Understanding Int(0,infinite)[f(x)]^2dx Convergence

[eljose79]

A question ...

Let suppose we have a function f(x) so

Int(0.infinite)f(x)dx=N N finite number then my question is ..would be this f(x) a L^2(0,infinite) function so

Int(0,infinite)[f(x)]^2dx is convergent?..thanks.

 

[matt grime]

Yes, I think so.

If the infinite integral exists, then except on a set of measure zero it must be that f tends to zero, so pick T such that |f| is less than 1 for almost all x greater than T and the answer becomes clear.

 

[HallsofIvy]

Am I misreading this? The question asserts that the integral of f from 0 to infinity exists and asks if it follows that the integral of f² exists. I don't see how that implies that, except on a measure 0, f "tends" to 0. (In fact, I don't see what "tends" to means. At each point f is either 0 or it is not!)

What about f(x)= x^-1/2 for 0< x< 1 and f(x)= 0 for x>=1.
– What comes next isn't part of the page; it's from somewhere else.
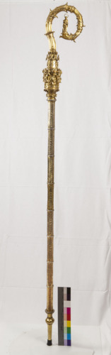 Asta ottagonale composta da otto pezzi su anima in legno, con terminazione in puntale liscio. In ogni segmento le facce verticali sono incise a motivi vegetali su un fondo di intagli incrociati, alternate a facce traforate sostenute da placchette d'argento non dorato decorate a graticcio. Nodo aggettante a sei lati suddiviso in tre zone: in quella inferiore serie di putti alati alternati ad elementi a quattro foglie appuntite, in quella centrale otto nicchie architettoniche con figure in piedi, vestite di armatura, sotto un baldacchino ad arco che ne nasconde la testa, la terza con altre figure in piedi con armatura sotto archi cuspidati. Il manico a riccio è costituito da segmenti a sbalzo congiunti a coda di rondine, sagomati a foglie, terminanti in una statuina a tutto tondo rappresentante San Marco

The integral from 0 to infinity is 2, a finite number but
f²= 1/x for 0< x< 1, 0 for x>=1 which cannot be integrated from 0 to 1.

 

[matt grime]

OK, am wrong - i was thinking of the problems of the wrong kind in the integral (an infinitely long bit such as the tail of 1/x rather than singular values). I wasn't particularly happy with it there either. I was thinking of bounded functions on R.

Tends to (in this strange sense) means that for all epsilon, there exists and R such that |f|<epsilon for all x>R except for a subset of zero measure. Ie tends to in the usual sense except that there may be a measure zero set on which there are arbitrary values, such as sin(x)/x for x not in Z and 1 for x in Z.